Hi community,
I am currently developing a pyspark job (running on runtime 14.3 LTS) using structured streaming.
Our streaming job uses forEachBatch , and inside it we are calling persist (and subsequent unpersist) on two DataFrames. We are noticing from the Storage tab in the Spark UI that these DataFrames are not really unpersisted, and we see at the beginning of each batch that we persist two new DataFrames.
When this job runs, we experience a progressive slowdown of batch processing times, despite batch sizes remaining constant. As expected, after some time (roughly 8 hours) our driver OOMs and the job is restarted.
We are struggling to identify what is causing this behavior.
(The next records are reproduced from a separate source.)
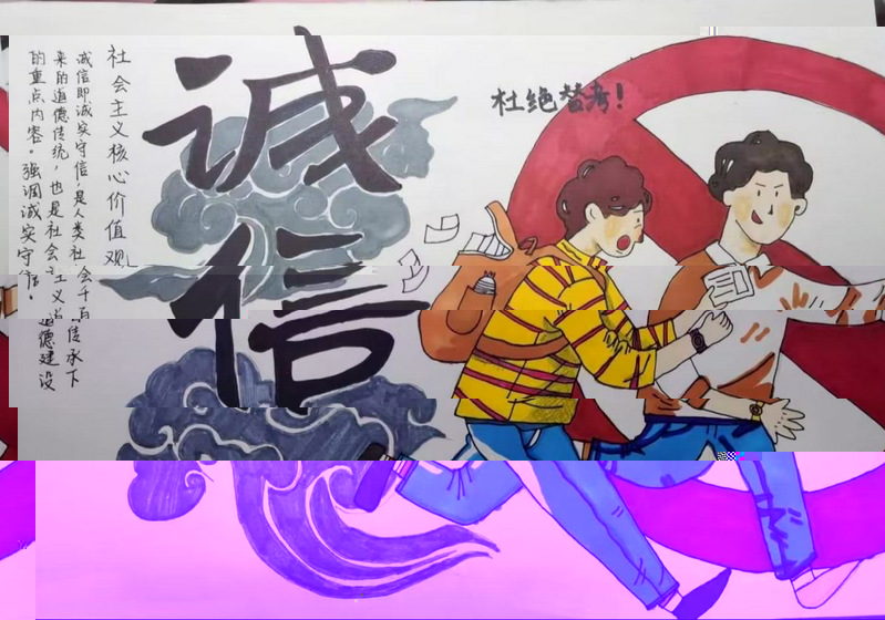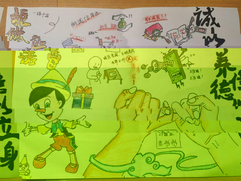 此次活動受到了同學們的熱烈響應和積極參與。學生通過查閱豐富的誠信相關故事和資料,深入理解了誠信在社會各領域中的核心價值和重要性,随後将自身的理解和感悟融入畫作之中,以獨特的創意和熟練的技藝展現了誠信的深遠意義。本次活動引導同學們認識到了誠信的重要性,了解到了誠信作為道德準則所發揮的重要作用。誠信不僅是做人做事的道德核心,也是道德教育與素質教育的重要内容,從而促使同學們牢記守信為榮,失信可恥的道德理念,養成誠信的行為習慣。
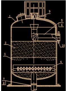 1-罐體;2-濾料層;3-墊料層;4-集配水管;5-進(jìn)水管;6-反沖洗排水管;7-出水管;8-反沖洗進(jìn)水管;9-自動排氣閥;10-排氣管
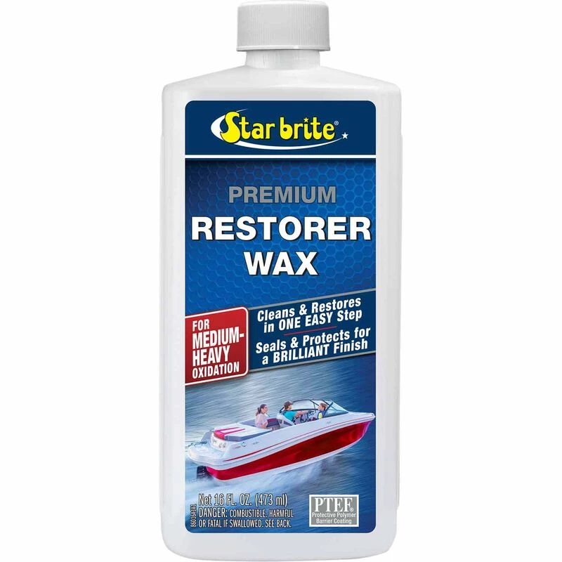 STAR BRITE Premium Restorer Wax is a one-step formula that easily removes medium to heavy chalk and oxidation while leaving a durable, protective coating. No hard rubbing or buffing required. Special uv inhibitors guard against fading, and eliminate the need to use rubbing compound, followed by wax.
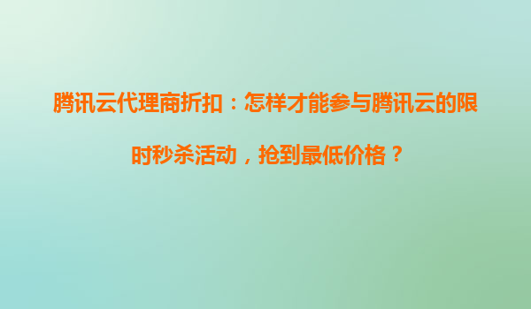 2025-10-24騰訊云代理商折扣:怎樣才能參與騰訊云的限時(shí)秒殺活動(dòng),搶到最低價(jià)格? 一、騰訊云的優(yōu)勢(shì)與代理商折扣的價(jià)值 騰訊云作為國內(nèi)領(lǐng)先的云計(jì)算服務(wù)提供商,憑借其穩(wěn)定的性能、全面的產(chǎn)品線以及強(qiáng)大的技...
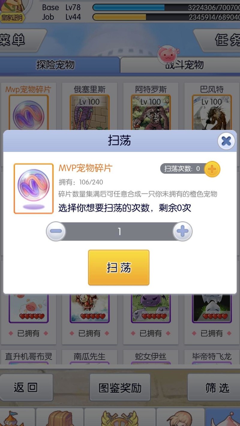 通关400关后将解锁MVP碎片系统,可用于兑换部分橙色品质宠物。建议每日在三次免费扫荡基础上额外购买两次MVP扫荡(共消耗50钻石),以显著提升橙宠获取速度。扫荡时优先选择尚未拥有的最低稀有度宠物,因为当某稀有度的全部宠物集齐后,商城会自动解锁更高一级稀有度的宠物奖励,合理规划可加快收集进度。
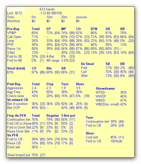 Против такого можно думаю кол терн кол ривер сыграть. Если посмотреть на его стат донка, то можно предположить что совпадение по 9х он будет играть через донк однако он играет чек кол флопа. Ну и в целом видно что опп часто проявляет агрессию и редко выигрывает на ШД...тонковато конечно и думаю в процессе катки я бы наверное выбросил руководствуясь правилом "выкинь оверпару на рейз терна"
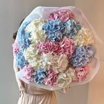 Гортензия - 21 шт. Открытка - 1 шт. Аквабокс - 1 шт. витамины для цветов (кризал) - 2 шт.
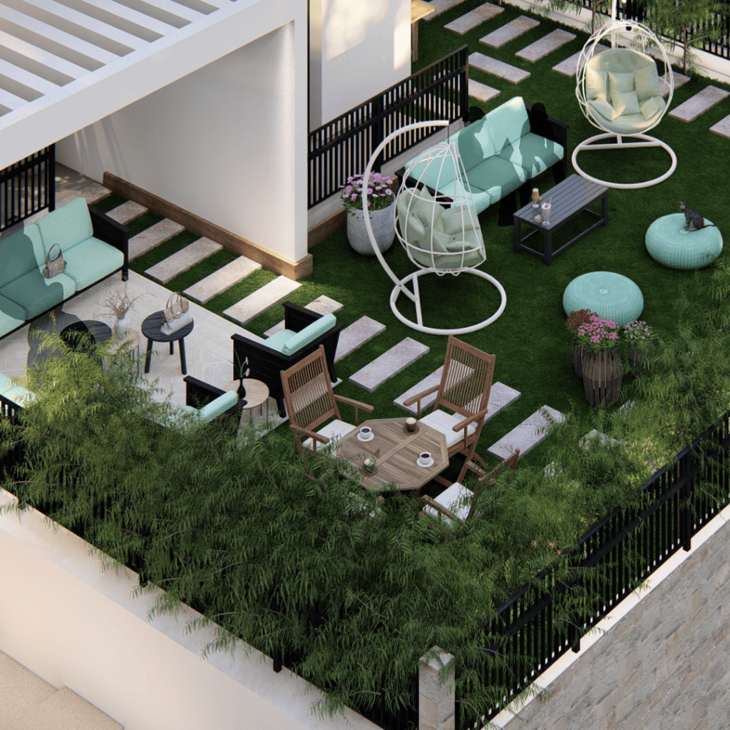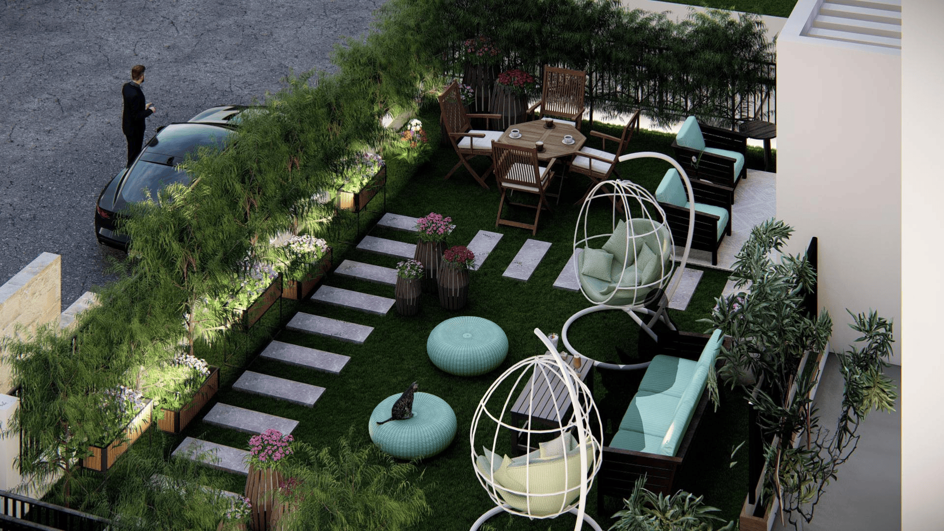 This rooftop design transforms a simple upper level into a luxurious outdoor retreat. Surrounded by lush greenery and thoughtfully placed furniture, the space invites calm, connection, and comfort high above the street.
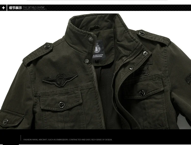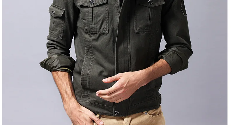 Мужская тертые хлопковые куртка в стиле милитари Стиль повседневная...
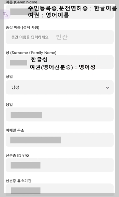 이름과 성은 신분증에 표기된 대로 정확히 입력해야 합니다. 철자나 띄어쓰기까지 동일해야 하며, 여권은 영어 이름, 주민등록증과 운전면허증은 한글 이름을 사용해야 합니다. (중간이름은 비워도 됩니다.)
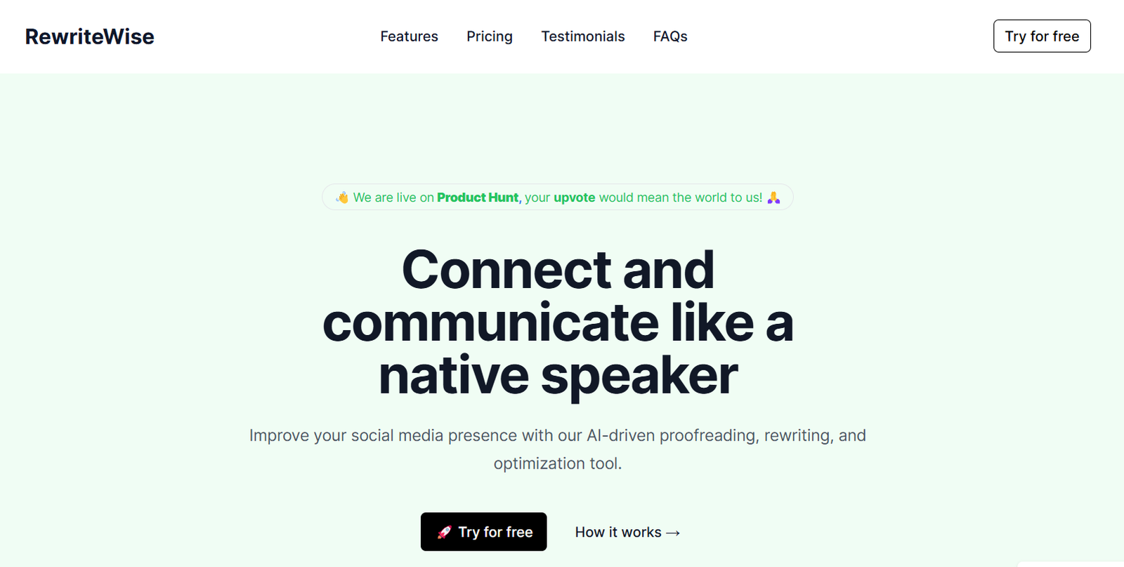 RewriteWise is an AI-driven tool designed to enhance your social media presence through advanced proofreading, rewriting, and optimization. The platform helps ensure your content communicates effectively and professionally, making it easier to connect with your audience. By providing native-like text adjustments, RewriteWise improves readability and engagement across your social media channels.

We have also enabled driver heap dumps to check if we were causing memory leaks, but these files are saved empty.
spark.driver.extraJavaOptions -XX:+HeapDumpOnOutOfMemoryError -XX:HeapDumpPath=/dbfs/heapDumps
Does anyone has some suggestions on how to identify what is causing this issue, and/or solve it?
Solutions tried so far
1. Unpersist
Not working
2. Unpersist with blocking set to true
Not working
3. Using catalog API cacheTable instead of persist
df.createOrReplaceTempView('view')
spark.catalog.cacheTable('view')
It fails, spark.catalog.cacheTable does not see the temporary view , despite we are in the same SparkSession
4. Using catalog API cacheTable with a global temporary view
df.createOrReplaceGlobalTempView("global_temp.view")
spark.catalog.cacheTable('global_temp.view')
The table is cached, but the subsequent uncacheTable has no effect and the temporary view remains in the storage table Spark UI:
spark.catalog.uncacheTable("global_temp.view")
df.dropGlobalTempView("global_temp.view")
df.unpersist()
5. Using low-level RDD API
def _force_unpersist(self, df: DataFrame, df_name: str) -> None:
for (id, rdd) in self.spark.sparkContext._jsc.getPersistentRDDs().items():
if df_name in rdd.name():
rdd.unpersist()
break
self._force_unpersist(df, "global_temp.view")
The RDD entry is not visible anymore in the Storage section of the spark ui, but the memory leak symptoms remain.